(EXERCISE REQUIREMENTS): Transcribe exactly the lines from the top of the records below through the line that holds "Custom Navy Gold-White", both included, with no pictures.

(INFORMATION SUPPLIED):

BEGIN

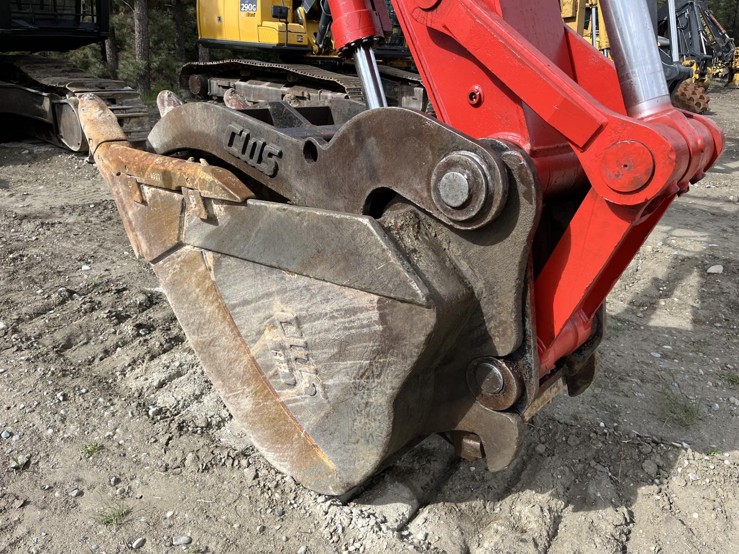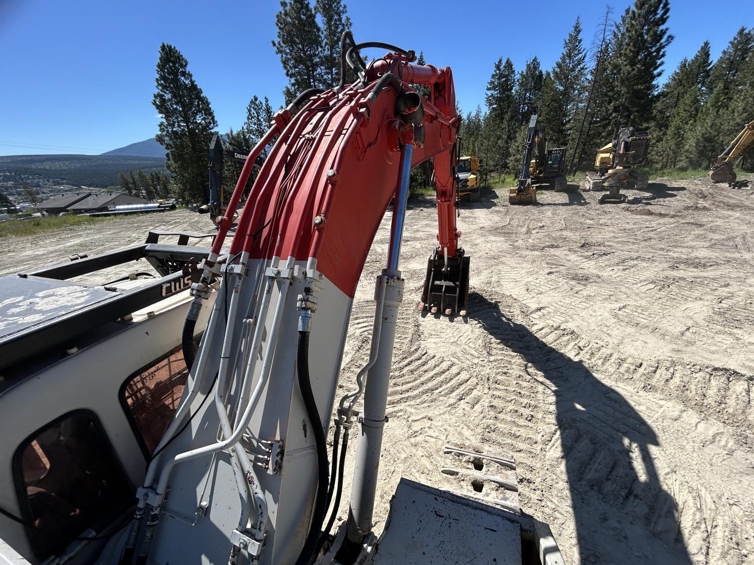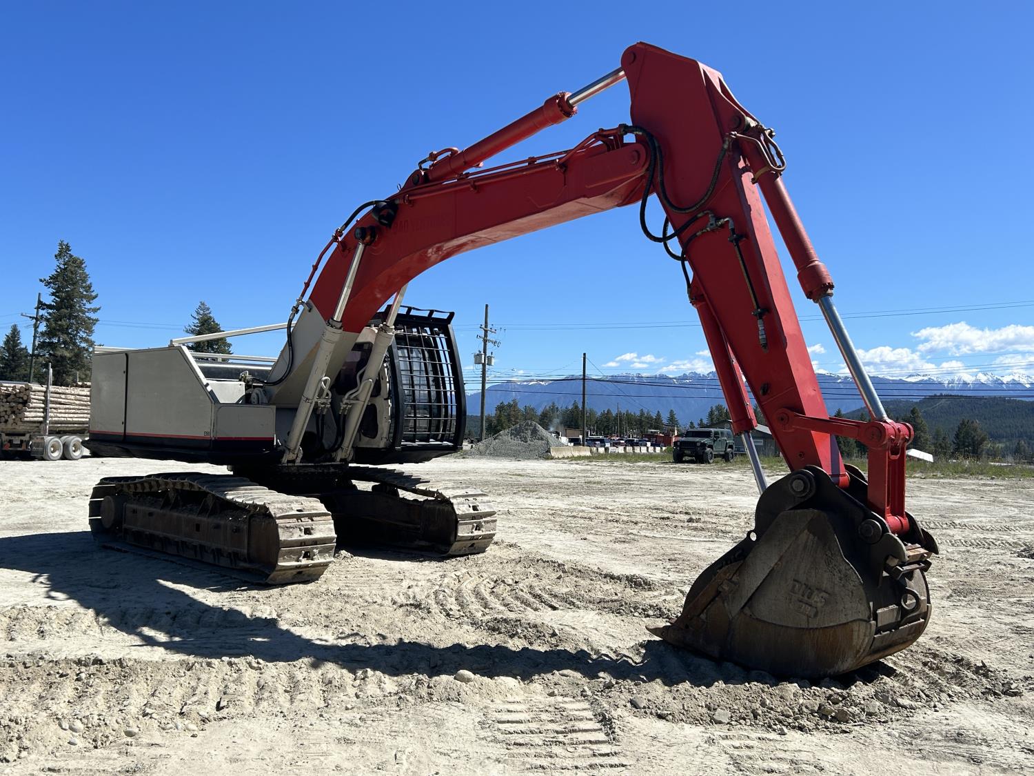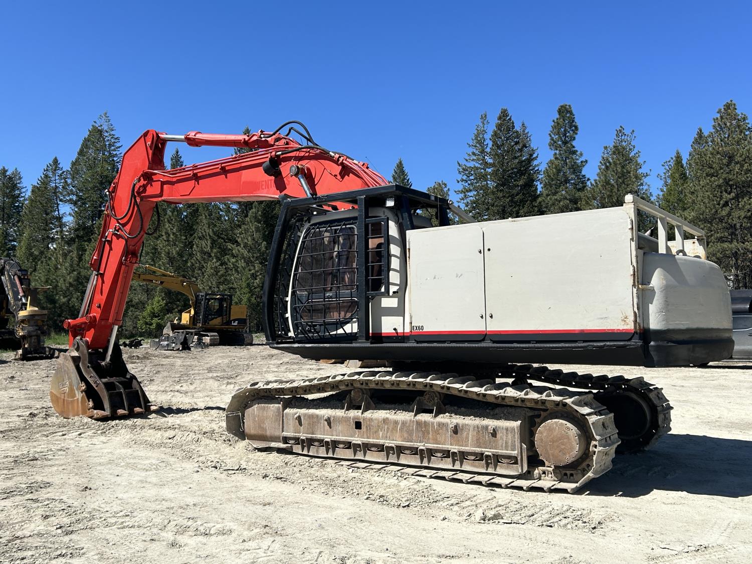 Enclosed cab, A/C, pilot controls, cab screens, 48 inch dig bucket, Q/C coupler, hydraulic thumb, 1 auxiliary hydraulics, 10 Ft 6 inch stick, catwalks, full forestry guarding, 28 inch track pads, triple grousers
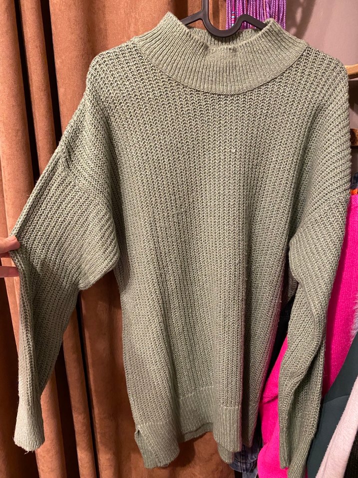 Yeşilörgü, boğazlı ve uzun kollu, bol kesim kadın kazak. Normal boyda, sade ve desensiz tasarımıyla rahat günlük sokak stili için uygundur. Ürünün kusuru fotoğrafta mevcuttur
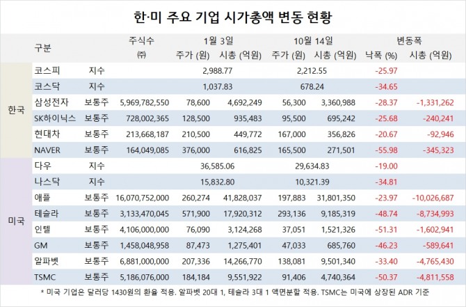 SK하이닉스는 이날 9만5500원으로 연초보다 25.68% 내렸고 현대자동차의 주가가 16만7000원으로 연초보다 20.67% 하락하며 20%대의 낙폭에 접어들었습니다. NAVER의 주가가 16만5500원으로 55.98% 떨어졌니다.
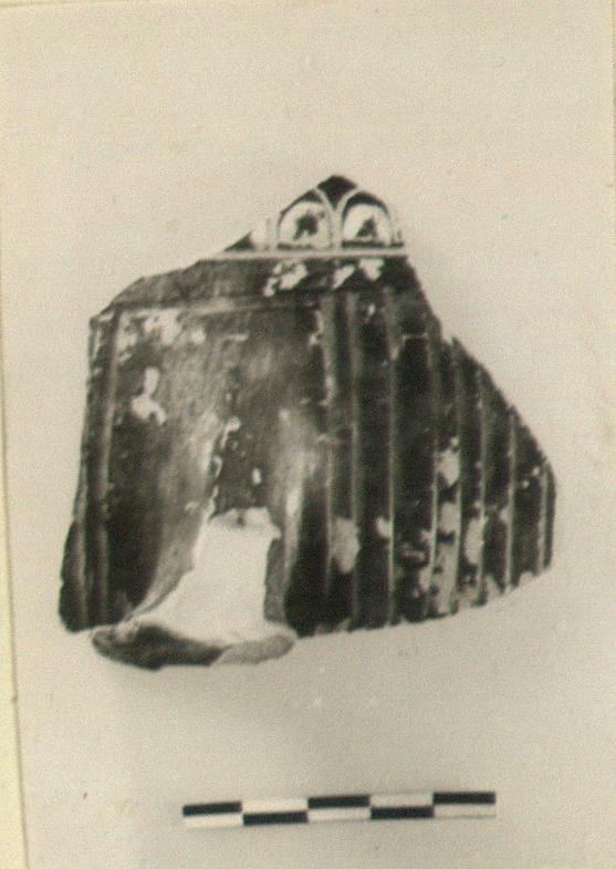 | Description: | Fragment of wall and attachment of rope handle preserved. Vertically grooved on either side of handle. Below, egg pattern in applied white and incision. Black glaze inside and out. Attic. ADDENDA Cf. relief skyphos (third quarter of 4th c. probably) from the Isthmus of Corinth, AJA 58 (1954), pl. 45, fig. 4: similar handle form. | |
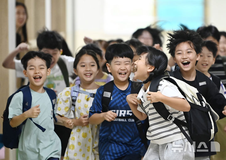 [수원=뉴시스] 김종택 기자 = 24일 경기 수원시 매산초등학교에서 3학년2반 학생들이 여름방학식을 마친 뒤 환하게 웃으며 하교하고 있다. 2025.07.24. [email protected]
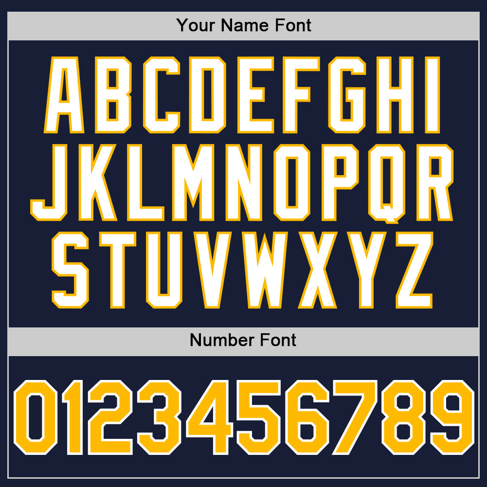 Custom Navy Gold-White Bomber Full-Snap Varsity Letterman Hoodie Jacket
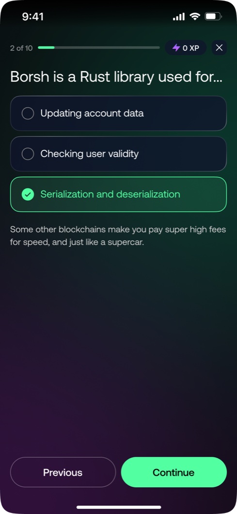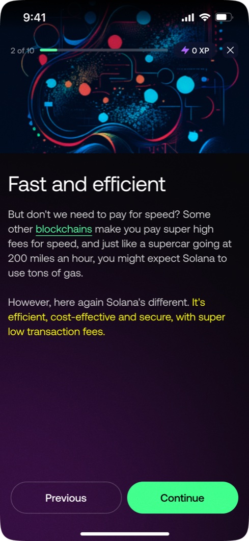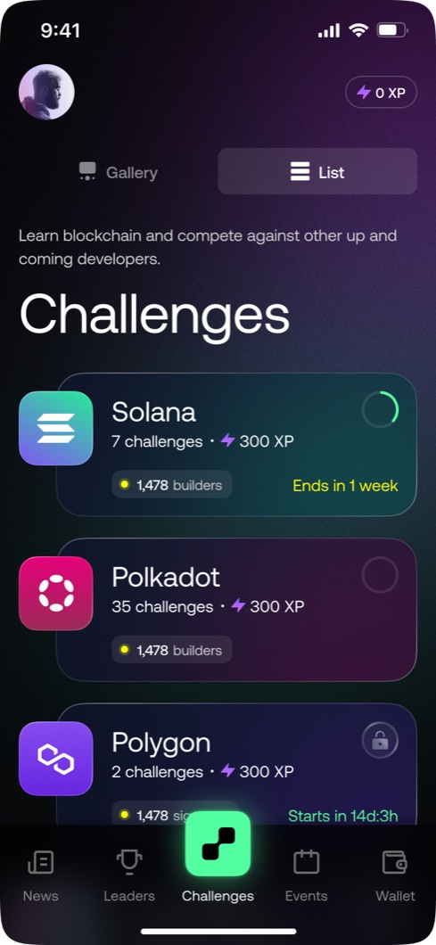A full platform redesign for one of the world's leading blockchain learning apps. Six weeks from brief to handoff, built at Unfold. UX, UI, and a complete design system.
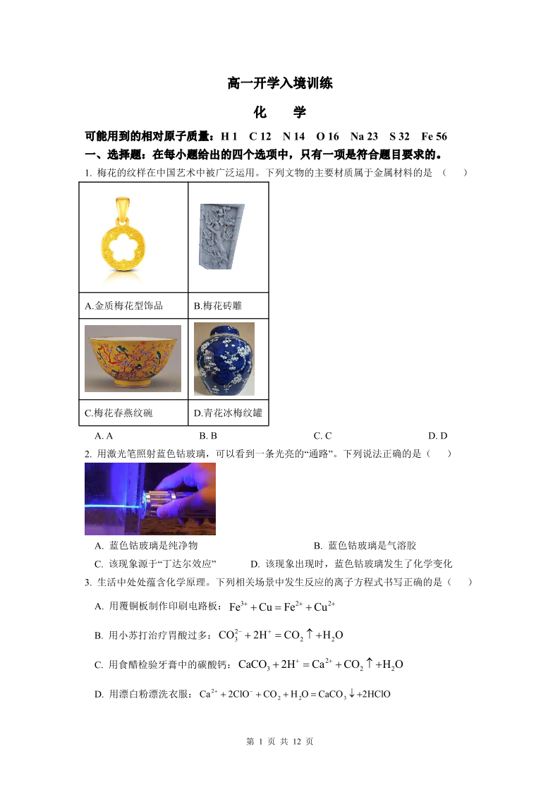 广东实验中学2024-2025学年高一下学期开学考试 化学.pdf
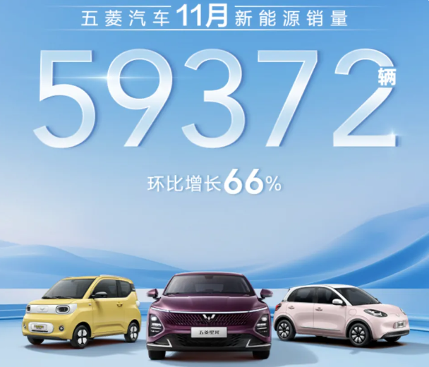 FPC軟板廠了解到,五菱汽車11月新能源銷量59,372輛,環(huán)比增長66%。
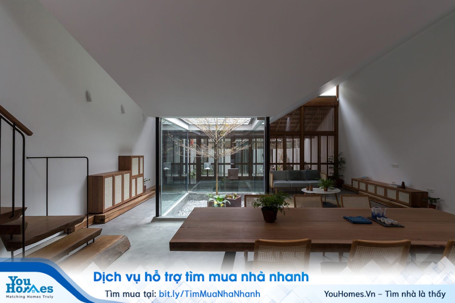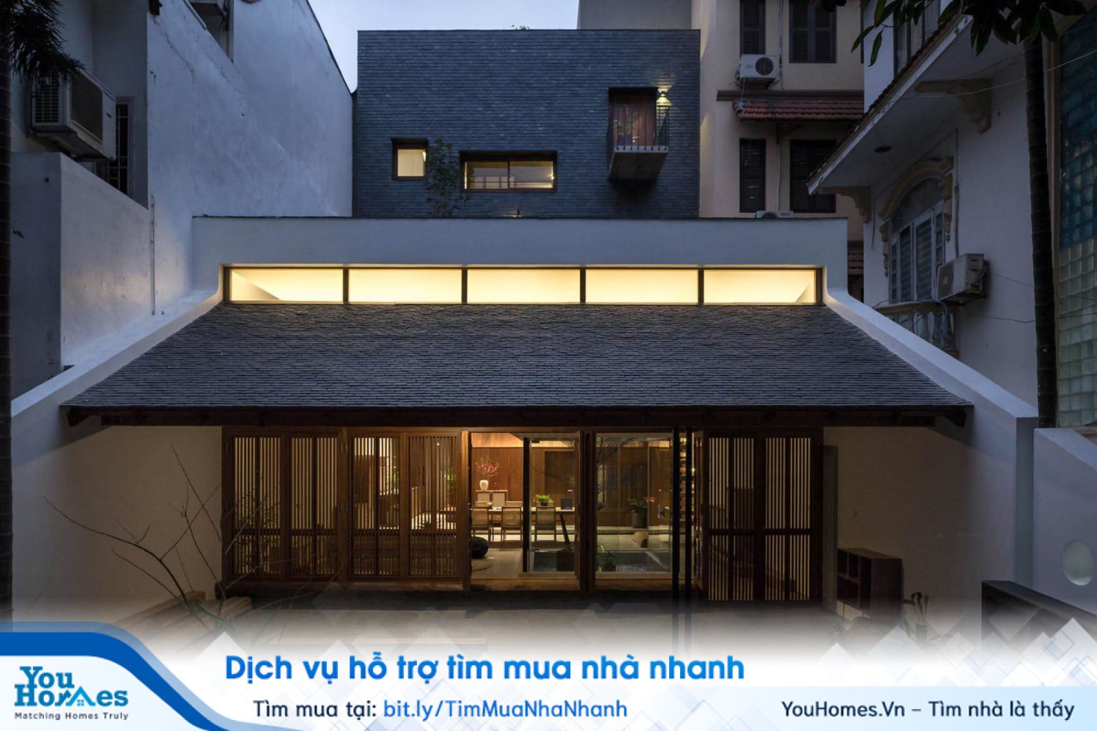 Gần gũi là cảm giác đầu tiên khi nhìn thấy căn nhà, dù thiết kế của nó vô cùng độc đáo và hiện đại. Bởi các kiến trúc sư của AHL Architects đã thiết kế không gian có sự kết hợp Đông - Tây, được lấy ý tưởng từ những ngôi nhà mái ngói truyền thống của người dân Bắc Bộ.
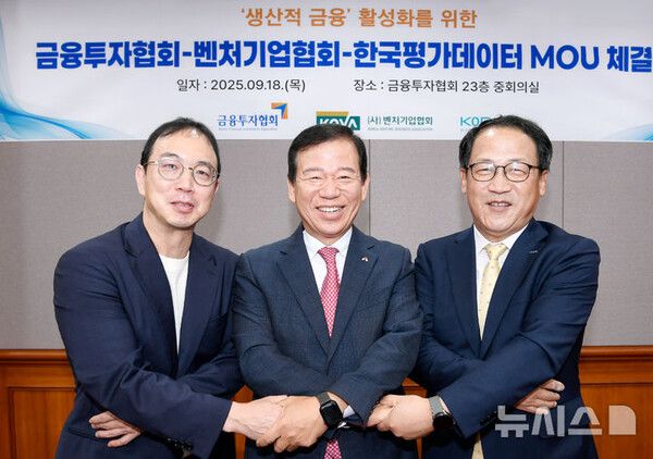 금융투자협회는 18일 벤처기업협회, 한국평가데이터와 '자본 시장 기반의 생산적 금융 확대를 위한 업무협약(MOU)'을 맺었다고 밝혔다.
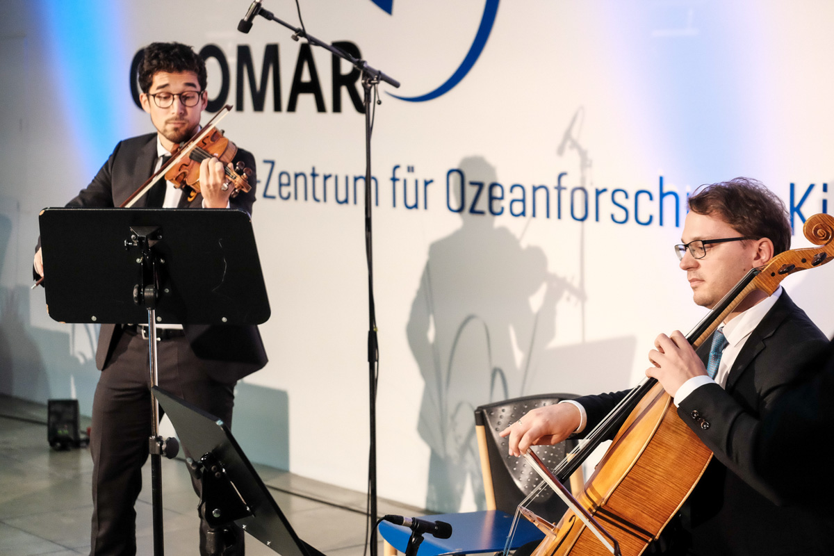 Lukas Mimura, Violine, und Peter Krause, Violoncello, untermalen den Festakt mit Stücken von Antonio Vivaldi, Ludwig van Beethoven sowie Michael Jackson.
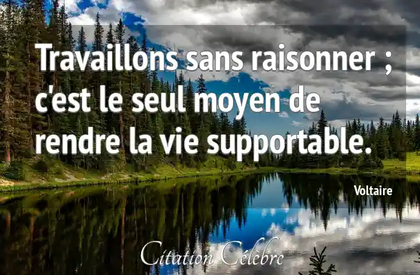 Travaillons sans raisonner ; c'est le seul moyen de rendre la vie supportable.
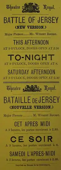 Les premières pièces interprétées en langue française par des comédiens amateurs jersiais furent Alzire ou les Américains en 1795 suivi de Mérope de Voltaire en 1796.

END

(RESULT):
 Enclosed cab, A/C, pilot controls, cab screens, 48 inch dig bucket, Q/C coupler, hydraulic thumb, 1 auxiliary hydraulics, 10 Ft 6 inch stick, catwalks, full forestry guarding, 28 inch track pads, triple grousers
 Yeşilörgü, boğazlı ve uzun kollu, bol kesim kadın kazak. Normal boyda, sade ve desensiz tasarımıyla rahat günlük sokak stili için uygundur. Ürünün kusuru fotoğrafta mevcuttur
 SK하이닉스는 이날 9만5500원으로 연초보다 25.68% 내렸고 현대자동차의 주가가 16만7000원으로 연초보다 20.67% 하락하며 20%대의 낙폭에 접어들었습니다. NAVER의 주가가 16만5500원으로 55.98% 떨어졌니다.
 | Description: | Fragment of wall and attachment of rope handle preserved. Vertically grooved on either side of handle. Below, egg pattern in applied white and incision. Black glaze inside and out. Attic. ADDENDA Cf. relief skyphos (third quarter of 4th c. probably) from the Isthmus of Corinth, AJA 58 (1954), pl. 45, fig. 4: similar handle form. | |
 [수원=뉴시스] 김종택 기자 = 24일 경기 수원시 매산초등학교에서 3학년2반 학생들이 여름방학식을 마친 뒤 환하게 웃으며 하교하고 있다. 2025.07.24. [email protected]
 Custom Navy Gold-White Bomber Full-Snap Varsity Letterman Hoodie Jacket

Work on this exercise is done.